Missed TensorFlow Dev Summit? Check out the video playlist. Watch recordings



Calculates the partial expected mutual information (EMI) of two variables.

EMI reflects the MI expected by chance, and is used to compute adjusted mutual information. See www.wikipedia.org/wiki/Adjusted_mutual_information.

The EMI for two variables x and y, is the sum of the expected mutual info for each value of x with each value of y. This function computes the EMI for a single value of each variable (x_i, y_j) and is thus considered a partial EMI calculation.

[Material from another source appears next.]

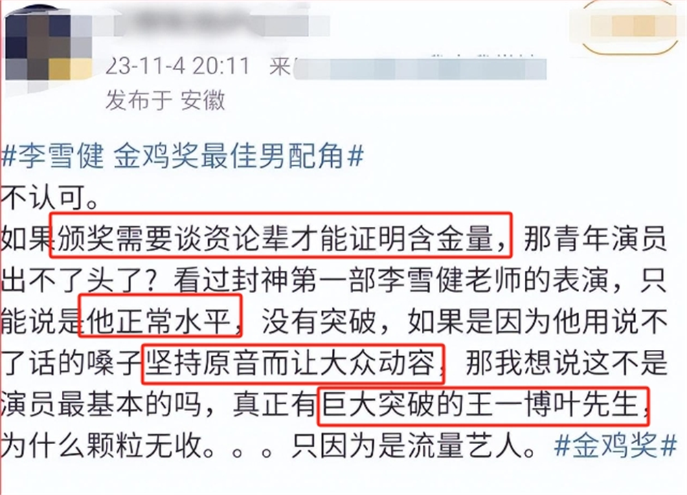王壹博粉絲們的所作所為及破防言論更讓旁人覺得金雞獎儼然成為了“照妖鏡”。

Specifically: EMI(x, y) = sum_{n_ij = max(0, x_i + y_j - n) to min(x_i, y_j)} ( n_ij / n * log2((n * n_ij / (x_i * y_j)) * ((x_i! * y_j! * (n - x_i)! * (n - y_j)!) / (n! * n_ij! * (x_i - n_ij)! * (y_j - n_ij)! * (n - x_i - y_j + n_ij)!))) where n_ij is the joint count of x taking on value i and y taking on value j, x_i is the count for x taking on value i, y_j is the count for y taking on value j, and n represents total count.


  • n: The sum of weights for all values.
  • x_i: The sum of weights for the first variable taking on value i
  • y_j: The sum of weights for the second variable taking on value j


Calculated expected mutual information for x_i, y_j.